(Data listing Opens)

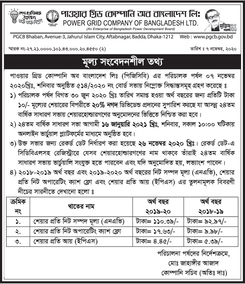 Price Sensitive Information of Power Grid Company of Bangladesh Ltd
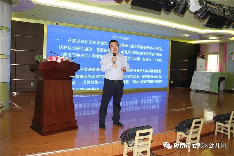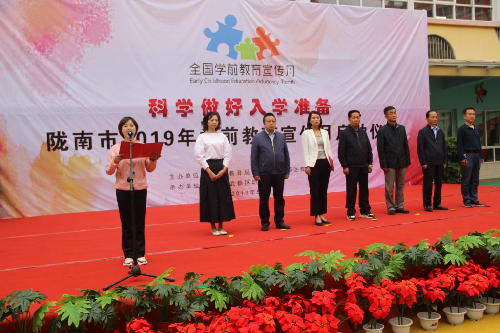 5月29日,陇南市2019年学前教育宣传月活动启动仪式在武都区幼儿园举行。suncitygroup太阳新城经理王小会参加活动并做专题报告.2019年全国学前教育宣传月科学做好入学准备为主题。陇南市教育局局长冯醒民、副局长张喆,区政府副区长李娜、武都区教育局局长刘海东、副局长汪芳、市区教育局相关科室负责人、武都城区公民办幼儿园园长和教师代表、幼儿家长代表近500人参加启动仪式。
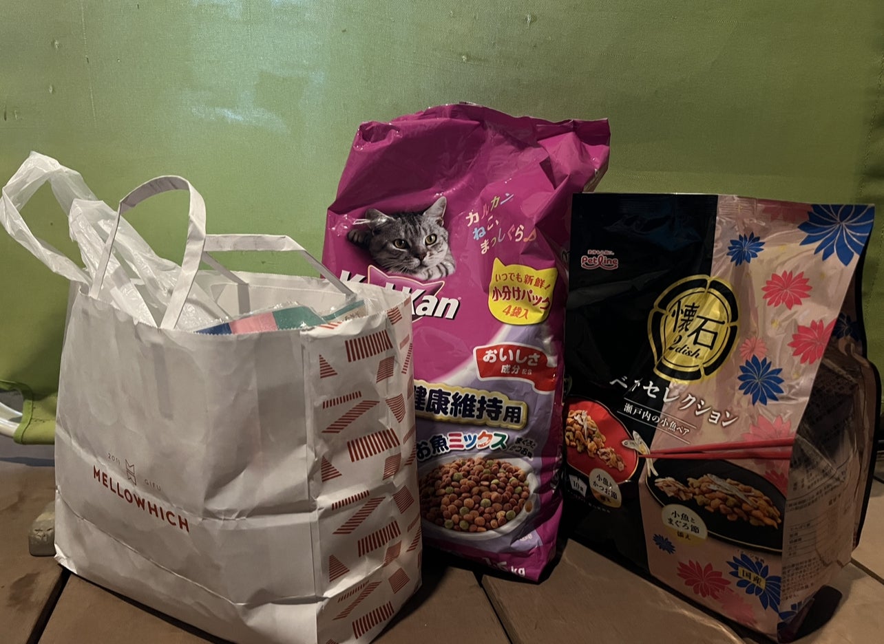 Y様からケージ、ごはん(右上の黒い袋)ご支援いただきました。
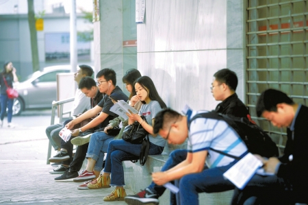 4月21日,在四川省公招公務(wù)員考點外,應(yīng)考者正在抓緊時間復(fù)習(xí)備考。
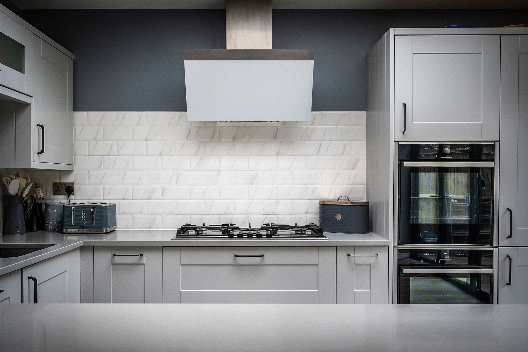 The kitchen is a standout feature, boasting a generous range of shaker-style units with quartz worktops, a breakfast bar, and integrated appliances. Skylights and bi-folding doors fill the space with natural light and open onto the patio, creating a seamless indoor-outdoor flow.
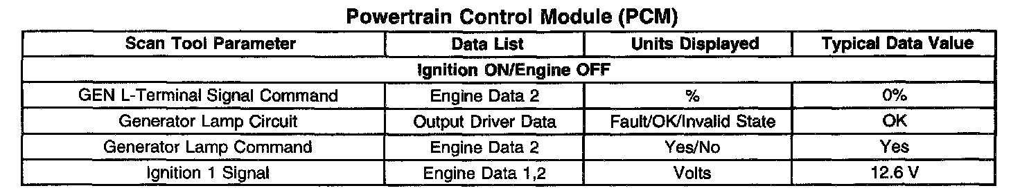 Scan Tool Data List - Powertrain Control Module (PCM)
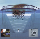 La caméra est conçue pour être utilisée dans les conditions difficiles d'une ferme aquacole.La caméra est très sensible et se place dans la cage pour filmer vers le bas ou vers le haut. Elle est reliée au système d'alimentation ce qui permet au fermier de suivre automatiquement l'alimentation. Elle peut être également actionnée manuellement à l'aide d'un panneau facile d'usage.
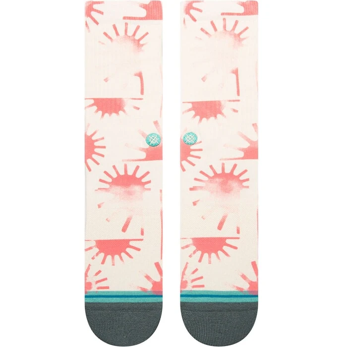 Stance Raydiant crew socks in coral features Stance Infiknit. Also features a medium cushioning. Branding includes a Stance embroidered logo. Made from 69% cotton – 17% polyester – 11% nylon and 3% elastane.
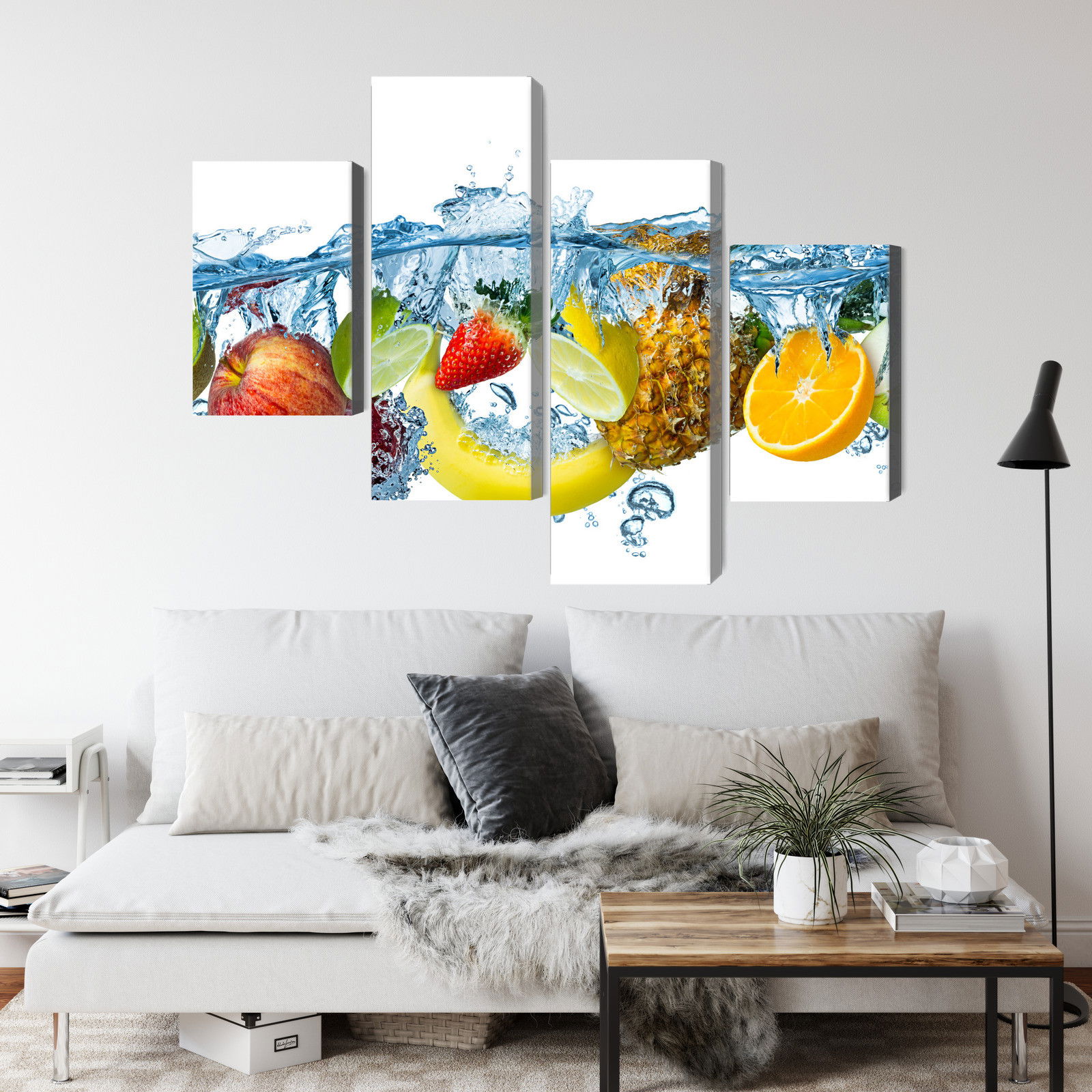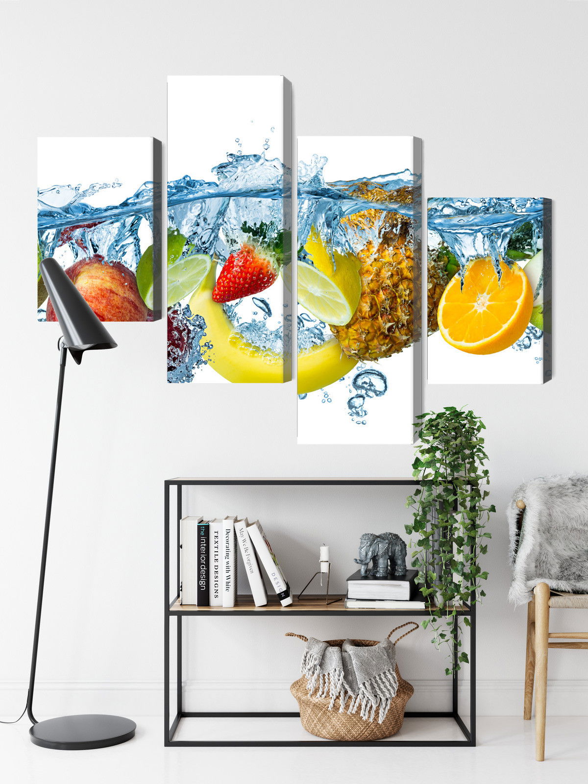 Motivet Fresh fruit in the water återges med hög färgprecision och detaljrikedom tack vare HP Latex-teknologi. Trycket sker med vattenbaserade, luktfria och GREENGUARD Gold-certifierade bläck som ger en upplösning på upp till 300 DPI. Färgerna är UV-beständiga och behåller sin styrka även i ljusa rum, vilket gör tavlan lämplig för både hem- och offentliga miljöer.
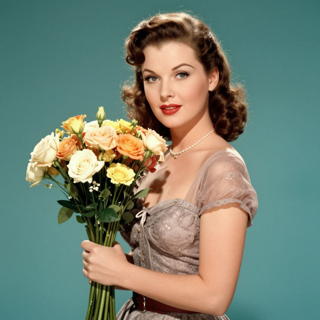 A woman evoking the classic Technicolor style of vintage Hollywood poses elegantly with a bouquet of flowers, her attire and hairstyle reminiscent of 1940s glamour.
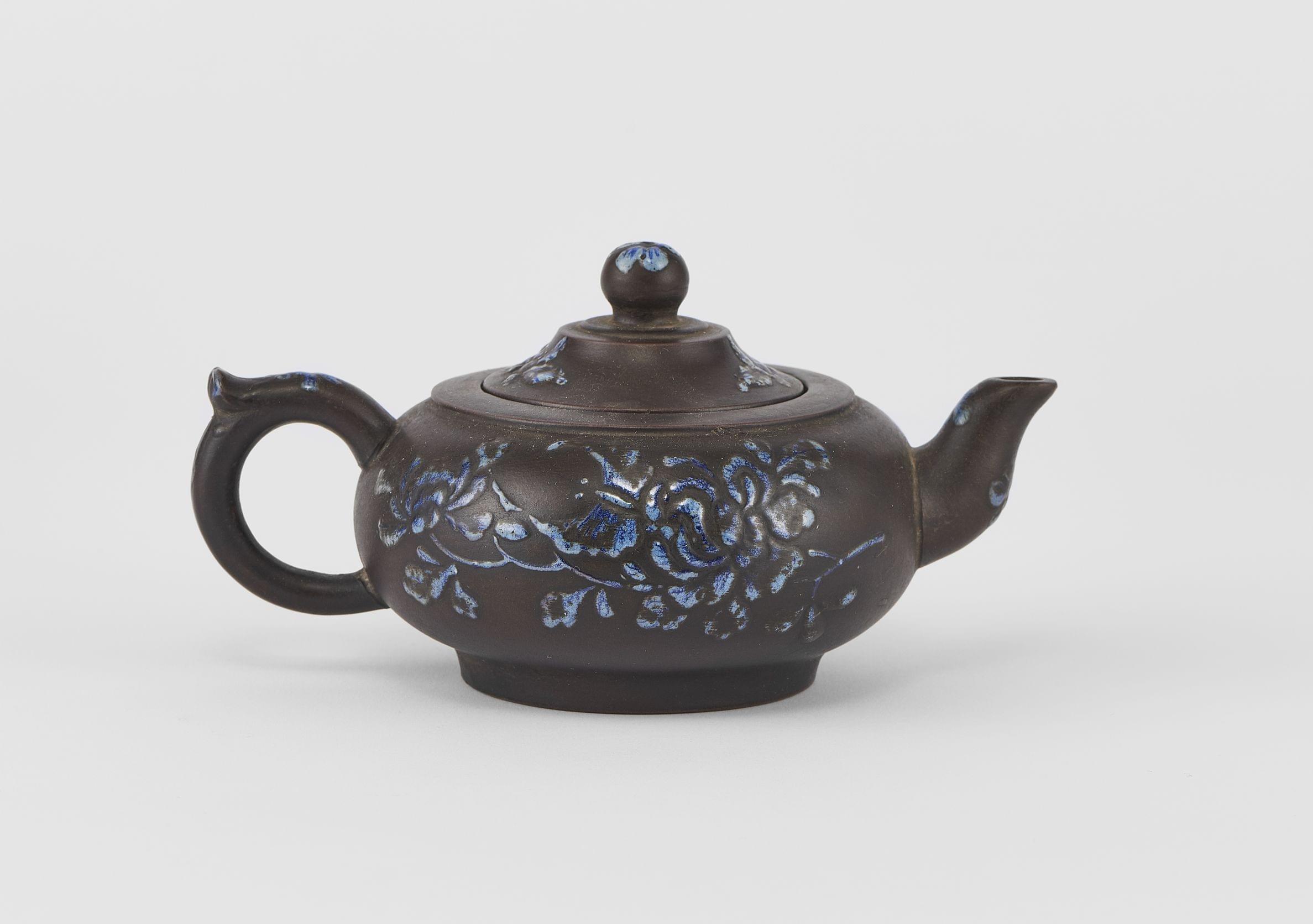 454. Théière en forme d'homme barbu, décor d'oiseaux en réserves, ans...
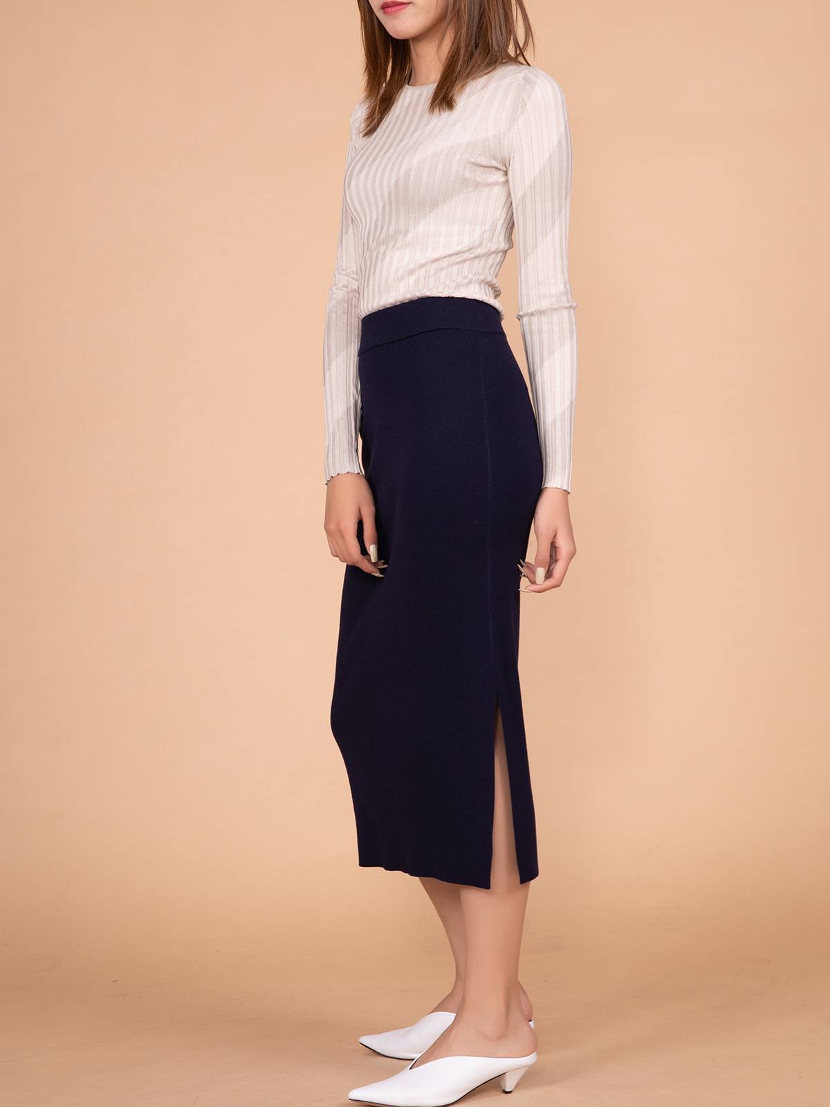 TH一侧开衩一步裙纯色女士半身裙秋冬包臀裙羊毛针织裙
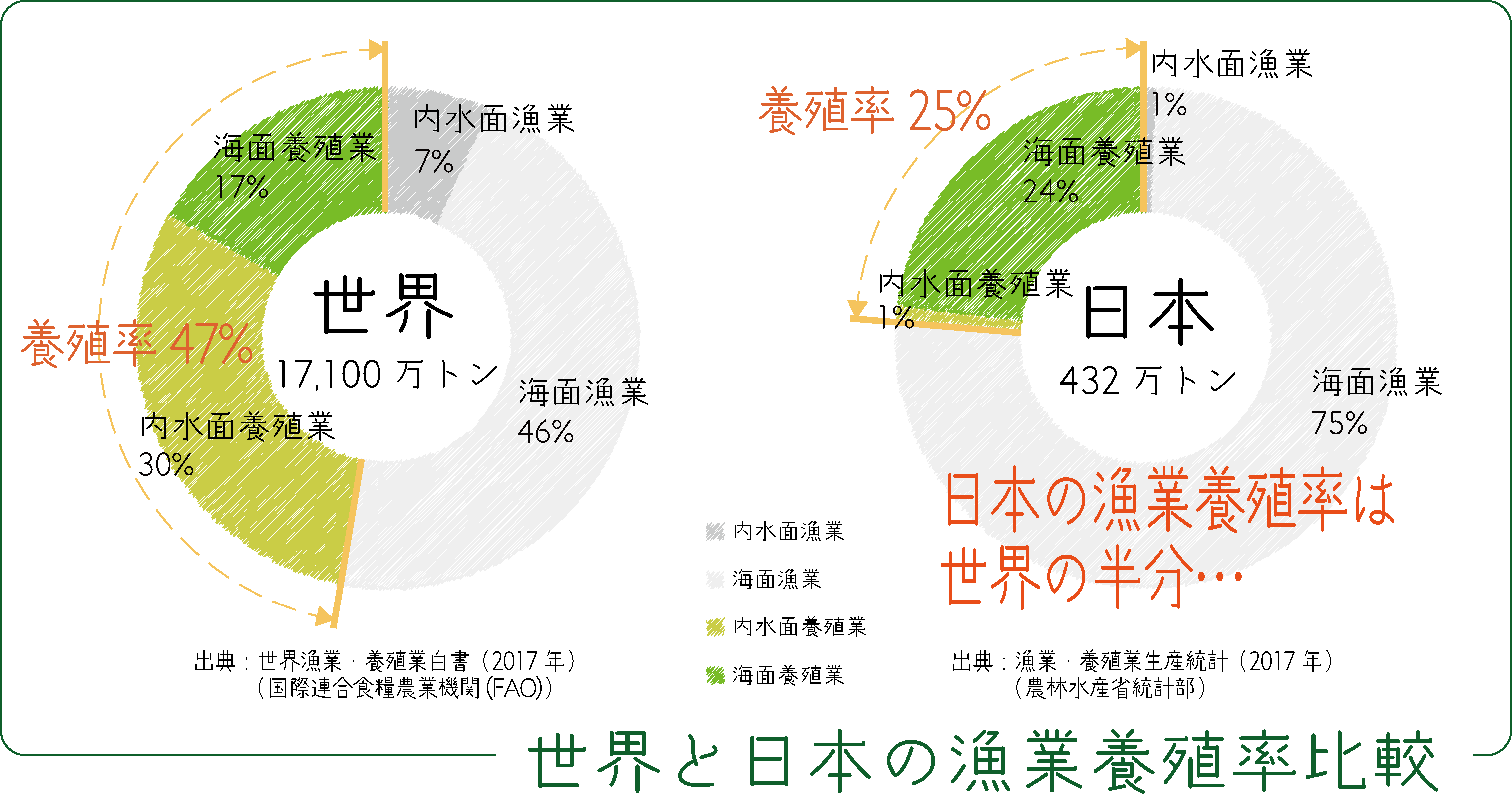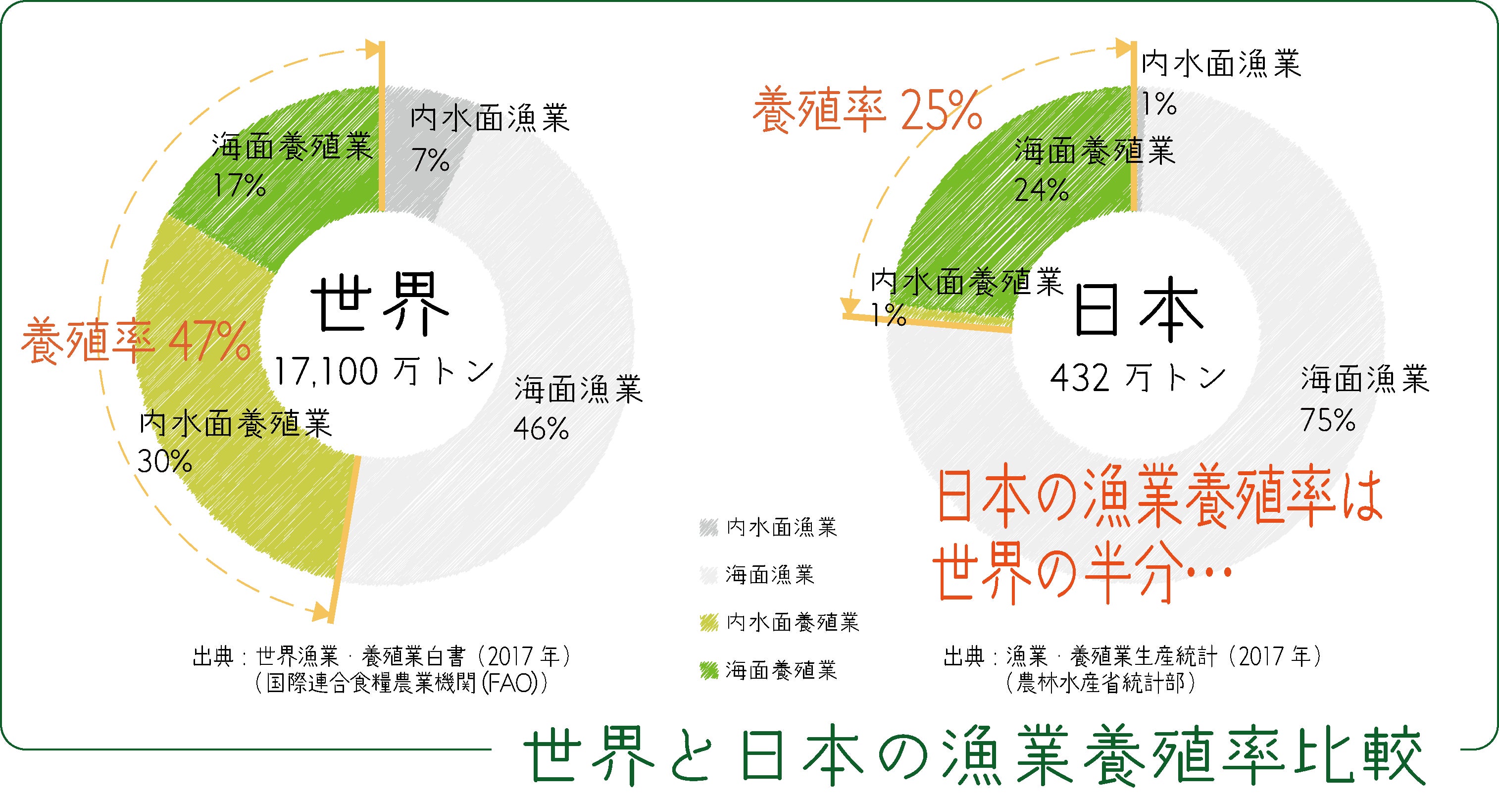 日本の漁業養殖率は海外平均に比べて極めて低く、漁業自体が安定的な需給環境に置かれていません。

(Data listing Closes)

§ Your task
Leaving out the pictures, restate word for word the lines above from the one containing "Y様からケージ、ごはん(右上の黒い袋)ご支援いただきました。" through the end of the records, both ends included.

§ Response
 Y様からケージ、ごはん(右上の黒い袋)ご支援いただきました。
 4月21日,在四川省公招公務(wù)員考點外,應(yīng)考者正在抓緊時間復(fù)習(xí)備考。
 The kitchen is a standout feature, boasting a generous range of shaker-style units with quartz worktops, a breakfast bar, and integrated appliances. Skylights and bi-folding doors fill the space with natural light and open onto the patio, creating a seamless indoor-outdoor flow.
 Scan Tool Data List - Powertrain Control Module (PCM)
 La caméra est conçue pour être utilisée dans les conditions difficiles d'une ferme aquacole.La caméra est très sensible et se place dans la cage pour filmer vers le bas ou vers le haut. Elle est reliée au système d'alimentation ce qui permet au fermier de suivre automatiquement l'alimentation. Elle peut être également actionnée manuellement à l'aide d'un panneau facile d'usage.
 Stance Raydiant crew socks in coral features Stance Infiknit. Also features a medium cushioning. Branding includes a Stance embroidered logo. Made from 69% cotton – 17% polyester – 11% nylon and 3% elastane.
 Motivet Fresh fruit in the water återges med hög färgprecision och detaljrikedom tack vare HP Latex-teknologi. Trycket sker med vattenbaserade, luktfria och GREENGUARD Gold-certifierade bläck som ger en upplösning på upp till 300 DPI. Färgerna är UV-beständiga och behåller sin styrka även i ljusa rum, vilket gör tavlan lämplig för både hem- och offentliga miljöer.
 A woman evoking the classic Technicolor style of vintage Hollywood poses elegantly with a bouquet of flowers, her attire and hairstyle reminiscent of 1940s glamour.
 454. Théière en forme d'homme barbu, décor d'oiseaux en réserves, ans...
 TH一侧开衩一步裙纯色女士半身裙秋冬包臀裙羊毛针织裙
 日本の漁業養殖率は海外平均に比べて極めて低く、漁業自体が安定的な需給環境に置かれていません。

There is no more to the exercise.